» Task: Starting at the line with "Made from high-quality" and going on through the line with "Karabük’ün Ovacık ilçesinde", reproduce each line in the records below exactly and nothing more.

» Given records:
---------------

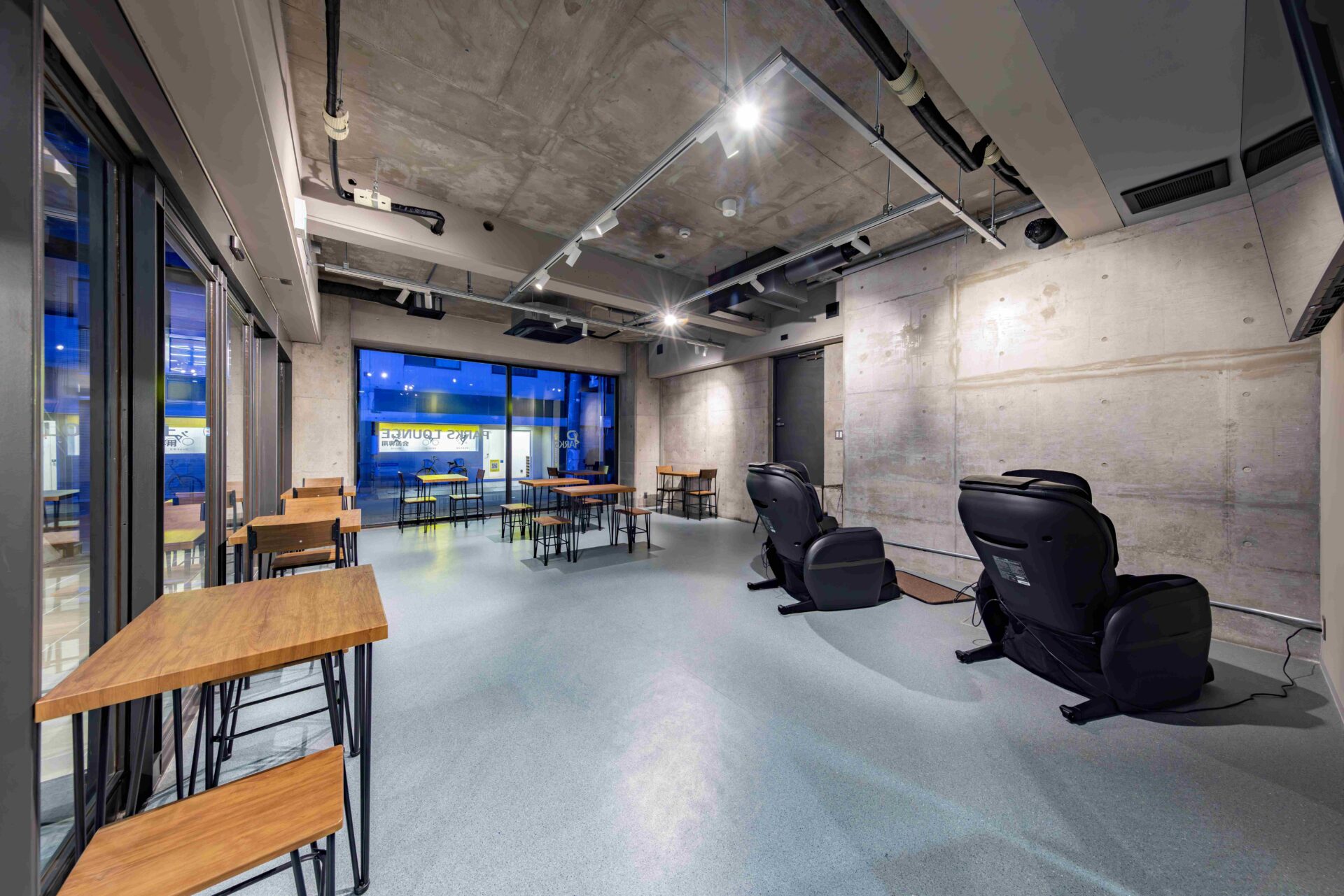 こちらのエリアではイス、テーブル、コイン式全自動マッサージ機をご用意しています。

---------------

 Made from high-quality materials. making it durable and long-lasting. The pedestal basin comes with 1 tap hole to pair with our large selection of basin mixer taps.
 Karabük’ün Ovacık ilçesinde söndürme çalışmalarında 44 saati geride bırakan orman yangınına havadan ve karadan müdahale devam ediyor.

---------------

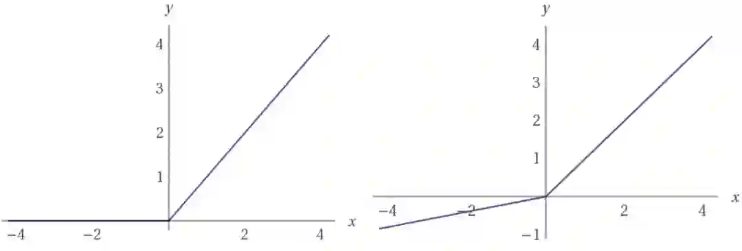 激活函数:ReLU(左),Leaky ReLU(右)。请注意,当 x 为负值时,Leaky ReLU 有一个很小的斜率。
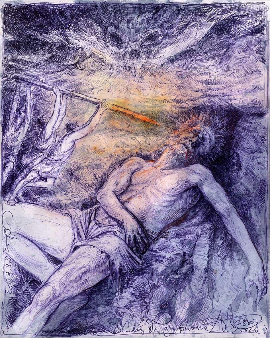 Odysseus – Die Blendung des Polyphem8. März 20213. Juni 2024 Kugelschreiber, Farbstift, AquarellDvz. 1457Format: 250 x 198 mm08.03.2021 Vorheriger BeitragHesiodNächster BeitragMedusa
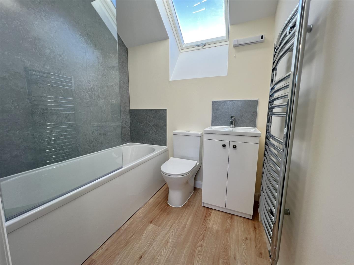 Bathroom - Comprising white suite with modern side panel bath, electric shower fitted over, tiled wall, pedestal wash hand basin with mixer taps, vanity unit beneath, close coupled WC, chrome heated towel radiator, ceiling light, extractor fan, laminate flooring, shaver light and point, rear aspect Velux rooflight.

---------------

» Exercise solution:
 Made from high-quality materials. making it durable and long-lasting. The pedestal basin comes with 1 tap hole to pair with our large selection of basin mixer taps.
 Karabük’ün Ovacık ilçesinde söndürme çalışmalarında 44 saati geride bırakan orman yangınına havadan ve karadan müdahale devam ediyor.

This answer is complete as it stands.